The less experienced the writer, the more they tend to
expect a yes/no, pass/fail type answer: “Is it any good? Do I have talent? Huh,
huh?” Because they are less able to identify their manuscript’s strengths and
weaknesses, they assume it must either be uniformly good or bad.
In contrast, writers who are a little further along tend to
ask a very different type of question: “What do I have to do to take this
manuscript to the next level?” They have some awareness of their manuscript’s
strengths and weaknesses, even if they can’t quite put their finger on the
specific reasons that certain things are failing to work.
3. They are willing to
make drastic changes.
An editor’s mandate is to make a manuscript the best it can
possibly be. With that in mind, a critique or editorial letter will sometimes
recommend massive and seemingly mind-boggling levels of plot changes,
restructuring, and reimagining.
In INTERN’s experience, a disproportionate number of clients
who e-mail a month or two after a critique saying, “Okay, so I went ahead and
deleted Character A and rewrote Part II to take place in Setting B while
scrapping plotlines C, D, and F and WHY DIDN’T I THINK OF THIS BEFORE?!?” end
up agented within the year.
This is not to say that writers who decide to move on to another
project instead of investing the time and emotional energy in resolving a
quagmirish manuscript are wrong.

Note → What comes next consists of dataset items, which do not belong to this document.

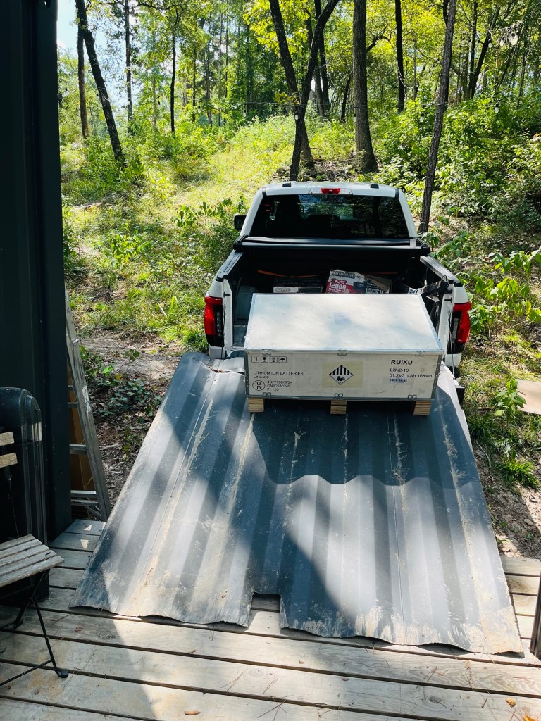 So what’s next? Well, I am installing an inverter, battery, and some solar. I have this at the Houston house and it makes a big difference. I’m never without power. I have some of the components but still need the panels. It’ll take several hours to wire up and get working. I got the arguably hardest part completed today: the battery delivered and in place. This may not seem like much, but these are 300lbs+ units and not easy to manage down the slope, especially by one person. But it ended well. Ready for wiring.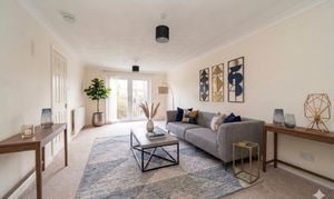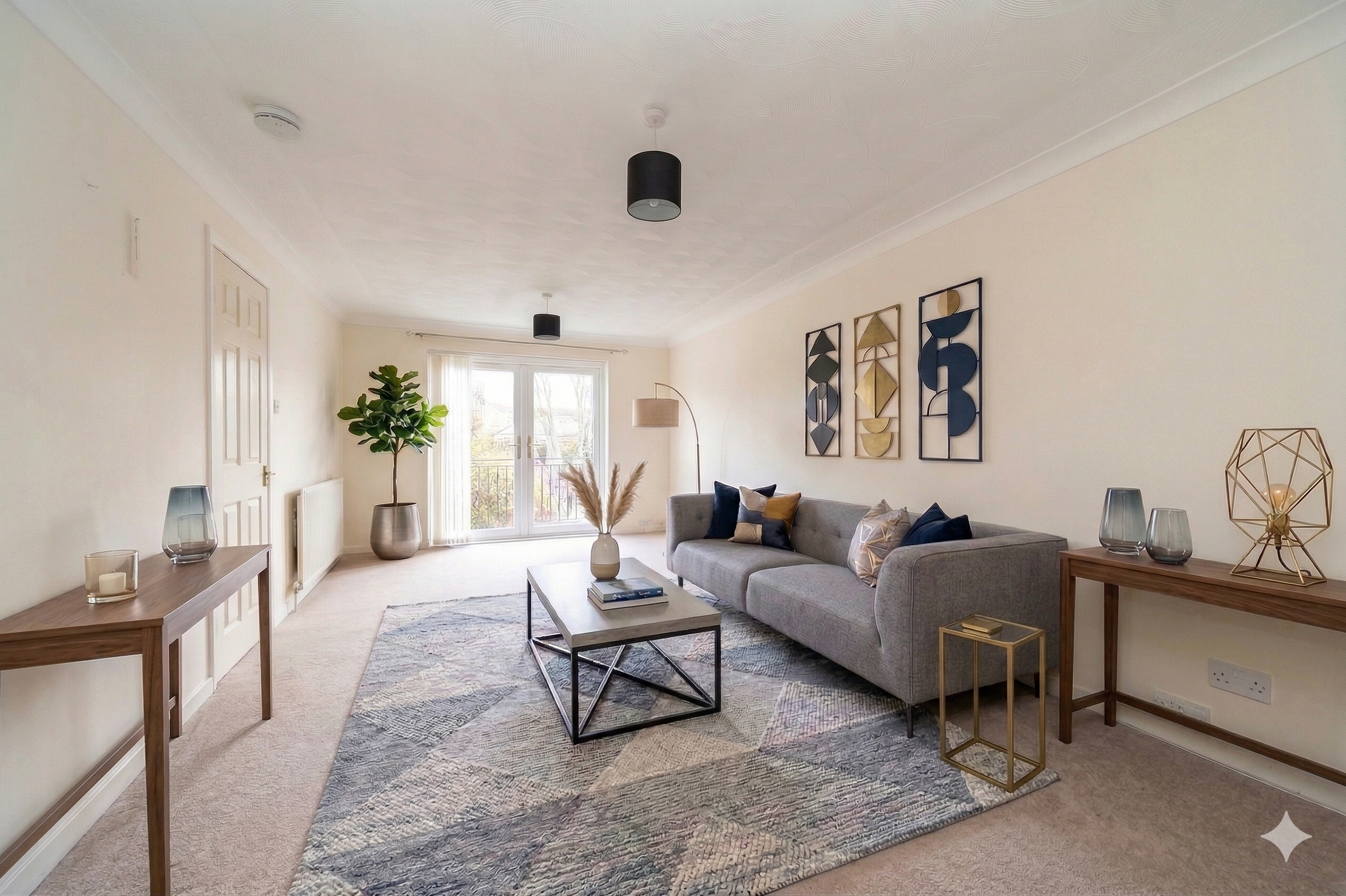 6.476m x 3.164m (21’02” x 10’04”) The spacious lounge and dining area offers excellent proportions for both relaxing and entertaining. The room features carpeted flooring and painted walls with ceiling mounted light fittings and a ceiling mounted smoke detector. A large window to the front allows plenty of natural light to fill the space, while French doors to the rear provide direct access outside and enhance the bright dual aspect feel. The room also benefits from a radiator and multiple power points.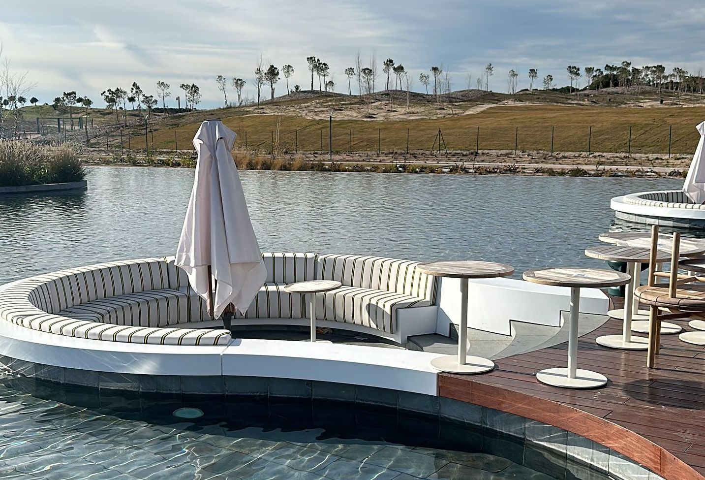 Otra segunda terraza que sin duda va a ser la sensación de esta primavera verano ya que cuenta con dos mesas sumergidas en el lago y que conforman un espacio único en el que también podrás disfrutar de sus cócteles de autor.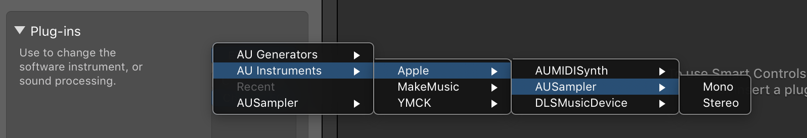 I'm attempting to load samples into Garageband 10 for Mac. Every tutorial I've found is telling me to go to Smart Controls, click the Inspector button and load instruments via AU plug in.

Far from it—it all counts towards #1,
experience, and besides, INTERN can hardly think of a change more drastic than
moving on to another project completely.
4. They value
improvement for its own sake.
The soon-to-be-agented writers get just as excited about the
prospect of finally nailing that
subplot/scene/ending/character as they are about the possibility of getting an
agent and book deal. The manuscript isn’t a means to an end (“get me an agent
and a book deal and faaaame!”) but a thing worth perfecting in itself, because
it is right and proper to do your craft well.
Love for the craft is a strong indicator of future success
because it means that the writer in question is more likely to carry on in the
face of the inevitable stumbles and disappointments—to hang in there long
enough to get to the “agented” stage.
5. They are friendly
and professional.
This is undoubtedly a result of INTERN’s highly unscientific
sample pool, because lord knows that plenty of cranky, unreasonable and
downright insane writers get agents and book deals every day. But it bears
noting: 100% of INTERN’s editing clients who now have agents are
well-organized, articulate, friendly, and reasonable —or perhaps more to the
point, they are capable of projecting a well-organized, articulate, friendly
and reasonable image in their communications, regardless of how stressed out,
incoherent, frantic or insecure they feel on the inside.
**
This is not to say that every writer who has been at it for
a while, who is invested in honing his/her craft, who is willing and eager and
earnest and well-researched will find an agent and go on to happy book dealdom
and do it in a timely fashion. Some books are harder to sell than others, and
the publishing industry is insanely fickle and slow and unreliable. Suffice to
say that the writers whose eventual agenting INTERN has been lucky enough to
hear about have all shared certain qualities* (other than the obvious, talent).
*for what it’s worth, INTERN suspects that #1, experience—as
in sheer number of hours spent writing and revising—is the most important of
the five, as it tends to lead to the other four automatically. So if you are a not-yet-agented
writer who is reading this and wondering how it applies to you, take heart and write more.